* _Extracted entries_:
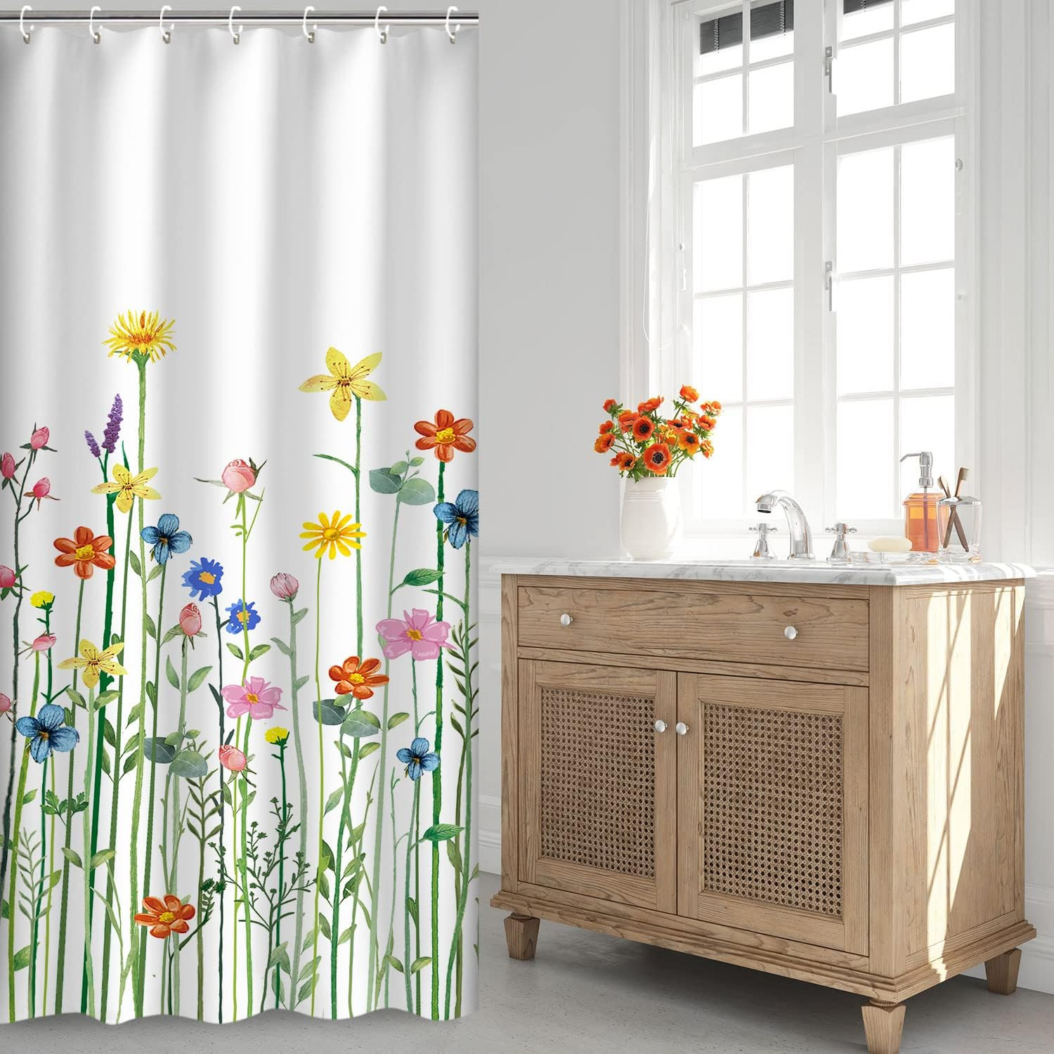 LIVILAN Stall Shower Curtain 36W X72H Inches RV Shower Curtains Floral Shower Cu
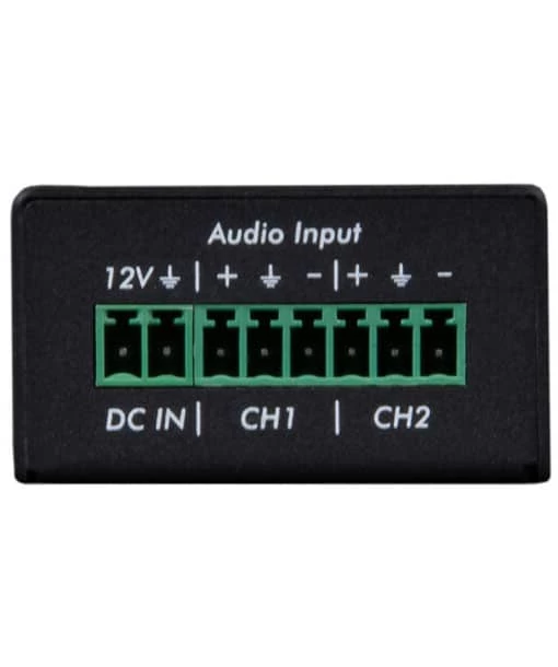 Connect analog audio equipment to a Dante network with the MuxLab Dante 2-Channel Analog Audio Encoder, a device that converts the transmission of full-range (20 Hz to 20 KHz) balanced or unbalanced two-channel analog audio signals to digital to be used with Dante-compatible equipment. It can be powered using either PoE from any PoE network switch or via local with a 12V power supply. The Dante 2-Channel Analog Audio Encoder includes two Phoenix block connectors.
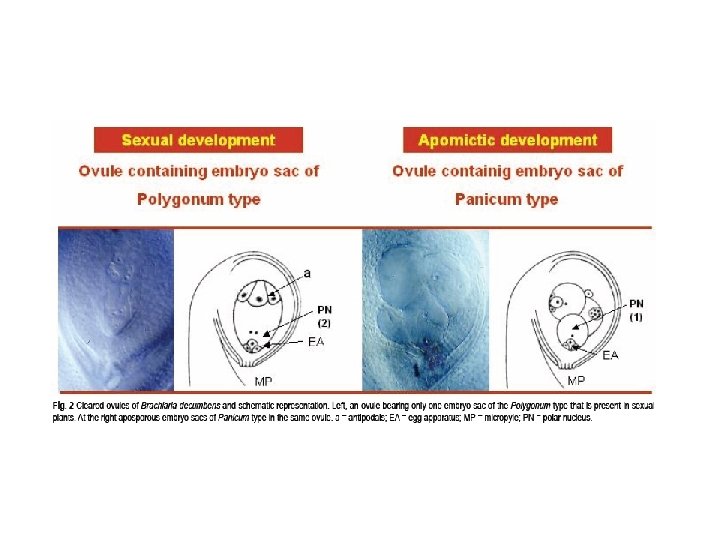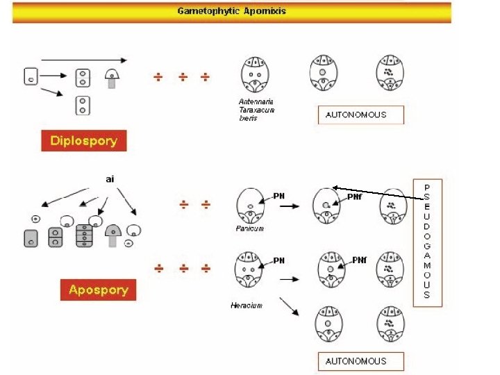 L’apomissia gametofitica è caratterizzata da apomeiosi: la meiosi è o alterata o totalmente bypassata e come conseguenza si forma un Gametofito femminile non ridotto. Non avviene la fusione dei gameti e la cellula uovo si sviluppa atonomamente per partenogenesi Nella diplosporia: la cellula madre della megaspora fallisce la meiosi, per Mitosi forma un sacco embrionale con tutte le cellule non ridotte distribuite Come nel sacco embrionale normale. Il processo sessuale è compromesso Totalmente;
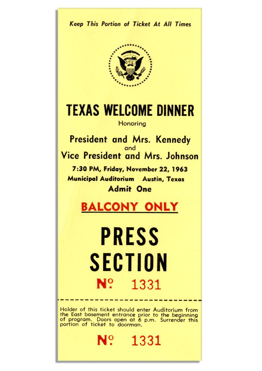 Ticket to the JFK Welcome Dinner slated for the evening of 22 November 1963 in Austin, Texas. Ticket bears all pertinent information about the event that never was: titles, insignia, date, time and address. Serial number 1331 is printed upon the ticket, along with ''Press Section / Balcony Only''. Measures 2.5'' x 6''. Near fine.
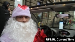 Рядом с дедом – Снегурочка. Водители проезжающих мимо машин сигналят, а на светофоре водитель троллейбуса не обращает внимания на переключившийся зеленый сигнал и, как завороженный, достает мобильный телефон – снимает удивительный транспорт.
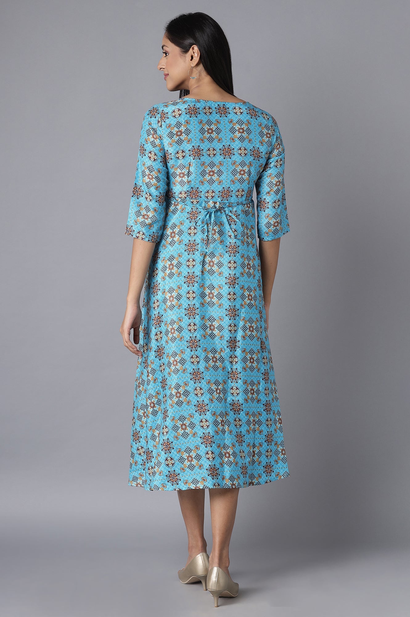 Blend into festivities with this elegant and ethnic dress. With this dress you can pull of that runway look you've been waiting for. Crafted in premium quality poly shantung, it features A-line silhouette and dori at back. The authentic floral print pattern makes the piece a must-have addition for the wardrobe.
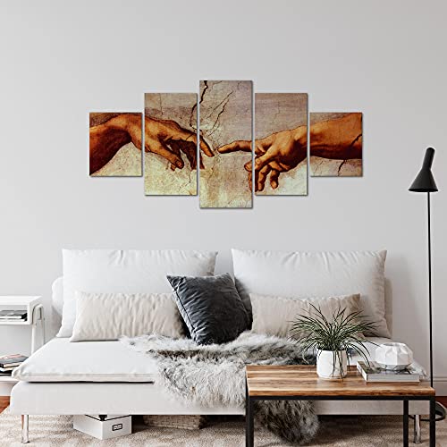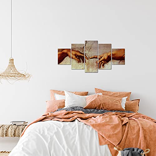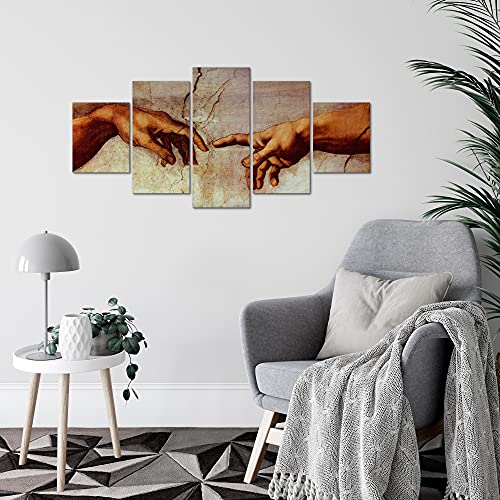 Runa Art Murali Da Parete Creazione Di Adamo Michelangelo 5 Pezzi Quadro Tela Non Tessuta Decorazione Soggiorno Mani Creazione Di Adamo 700152a

* _What you have to do_:
Reproduce each record from above exactly; pictures do not belong in the copy.

* _Reply to the task_:
 LIVILAN Stall Shower Curtain 36W X72H Inches RV Shower Curtains Floral Shower Cu
 Connect analog audio equipment to a Dante network with the MuxLab Dante 2-Channel Analog Audio Encoder, a device that converts the transmission of full-range (20 Hz to 20 KHz) balanced or unbalanced two-channel analog audio signals to digital to be used with Dante-compatible equipment. It can be powered using either PoE from any PoE network switch or via local with a 12V power supply. The Dante 2-Channel Analog Audio Encoder includes two Phoenix block connectors.
 L’apomissia gametofitica è caratterizzata da apomeiosi: la meiosi è o alterata o totalmente bypassata e come conseguenza si forma un Gametofito femminile non ridotto. Non avviene la fusione dei gameti e la cellula uovo si sviluppa atonomamente per partenogenesi Nella diplosporia: la cellula madre della megaspora fallisce la meiosi, per Mitosi forma un sacco embrionale con tutte le cellule non ridotte distribuite Come nel sacco embrionale normale. Il processo sessuale è compromesso Totalmente;
 Ticket to the JFK Welcome Dinner slated for the evening of 22 November 1963 in Austin, Texas. Ticket bears all pertinent information about the event that never was: titles, insignia, date, time and address. Serial number 1331 is printed upon the ticket, along with ''Press Section / Balcony Only''. Measures 2.5'' x 6''. Near fine.
 Рядом с дедом – Снегурочка. Водители проезжающих мимо машин сигналят, а на светофоре водитель троллейбуса не обращает внимания на переключившийся зеленый сигнал и, как завороженный, достает мобильный телефон – снимает удивительный транспорт.
 Blend into festivities with this elegant and ethnic dress. With this dress you can pull of that runway look you've been waiting for. Crafted in premium quality poly shantung, it features A-line silhouette and dori at back. The authentic floral print pattern makes the piece a must-have addition for the wardrobe.
 Runa Art Murali Da Parete Creazione Di Adamo Michelangelo 5 Pezzi Quadro Tela Non Tessuta Decorazione Soggiorno Mani Creazione Di Adamo 700152a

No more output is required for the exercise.